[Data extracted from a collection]
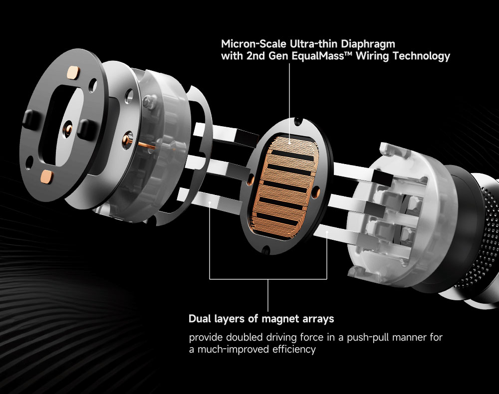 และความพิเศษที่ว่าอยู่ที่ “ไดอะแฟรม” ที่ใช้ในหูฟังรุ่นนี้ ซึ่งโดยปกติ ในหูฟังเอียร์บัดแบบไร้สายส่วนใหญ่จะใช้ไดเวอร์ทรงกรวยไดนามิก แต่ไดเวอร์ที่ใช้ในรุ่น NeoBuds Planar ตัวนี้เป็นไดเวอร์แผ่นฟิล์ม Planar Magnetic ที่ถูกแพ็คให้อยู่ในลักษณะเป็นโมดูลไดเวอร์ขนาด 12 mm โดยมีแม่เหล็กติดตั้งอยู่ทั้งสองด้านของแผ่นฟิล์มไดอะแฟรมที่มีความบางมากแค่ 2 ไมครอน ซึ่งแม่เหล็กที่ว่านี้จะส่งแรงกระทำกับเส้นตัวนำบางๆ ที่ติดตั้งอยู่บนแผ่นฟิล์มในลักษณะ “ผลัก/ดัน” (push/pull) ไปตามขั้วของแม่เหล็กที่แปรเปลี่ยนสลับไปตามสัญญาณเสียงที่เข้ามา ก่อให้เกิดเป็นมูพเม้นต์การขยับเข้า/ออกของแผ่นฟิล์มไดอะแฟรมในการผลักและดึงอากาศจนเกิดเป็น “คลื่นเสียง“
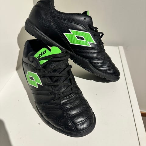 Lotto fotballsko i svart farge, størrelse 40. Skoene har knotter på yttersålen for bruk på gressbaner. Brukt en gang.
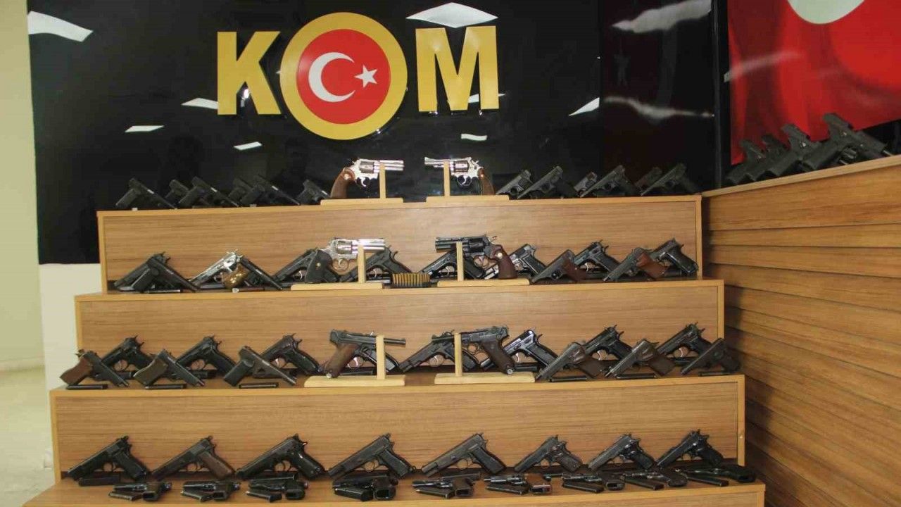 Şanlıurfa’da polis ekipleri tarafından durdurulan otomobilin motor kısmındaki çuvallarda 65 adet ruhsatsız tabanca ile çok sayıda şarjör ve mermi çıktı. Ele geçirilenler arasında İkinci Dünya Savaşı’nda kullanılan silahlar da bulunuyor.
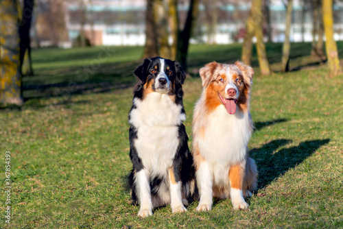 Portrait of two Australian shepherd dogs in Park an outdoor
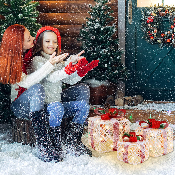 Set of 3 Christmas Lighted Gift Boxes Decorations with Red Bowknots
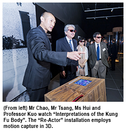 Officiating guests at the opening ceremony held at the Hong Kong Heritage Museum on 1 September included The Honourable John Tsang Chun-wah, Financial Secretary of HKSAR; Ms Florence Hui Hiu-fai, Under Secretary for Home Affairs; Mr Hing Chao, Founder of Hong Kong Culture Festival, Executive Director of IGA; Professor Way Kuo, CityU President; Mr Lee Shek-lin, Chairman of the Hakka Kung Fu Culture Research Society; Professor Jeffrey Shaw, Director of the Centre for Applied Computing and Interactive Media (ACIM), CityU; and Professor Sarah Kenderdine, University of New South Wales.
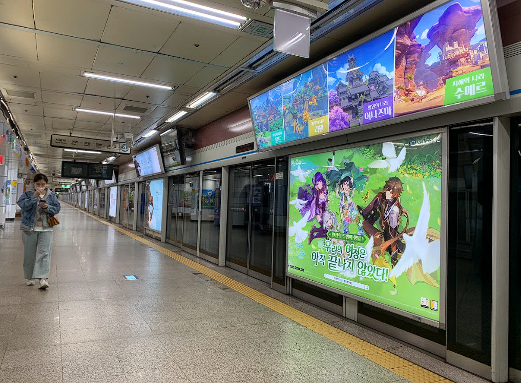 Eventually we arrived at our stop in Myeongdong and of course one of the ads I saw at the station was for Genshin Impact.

- [Exercise prompt]: The expected output is the lines above from the one containing "Portrait of two" to the one containing "Set of 3 Christmas", both ends included, reproduced exactly with every picture left out.

- [Written reply]:
 Portrait of two Australian shepherd dogs in Park an outdoor
 Set of 3 Christmas Lighted Gift Boxes Decorations with Red Bowknots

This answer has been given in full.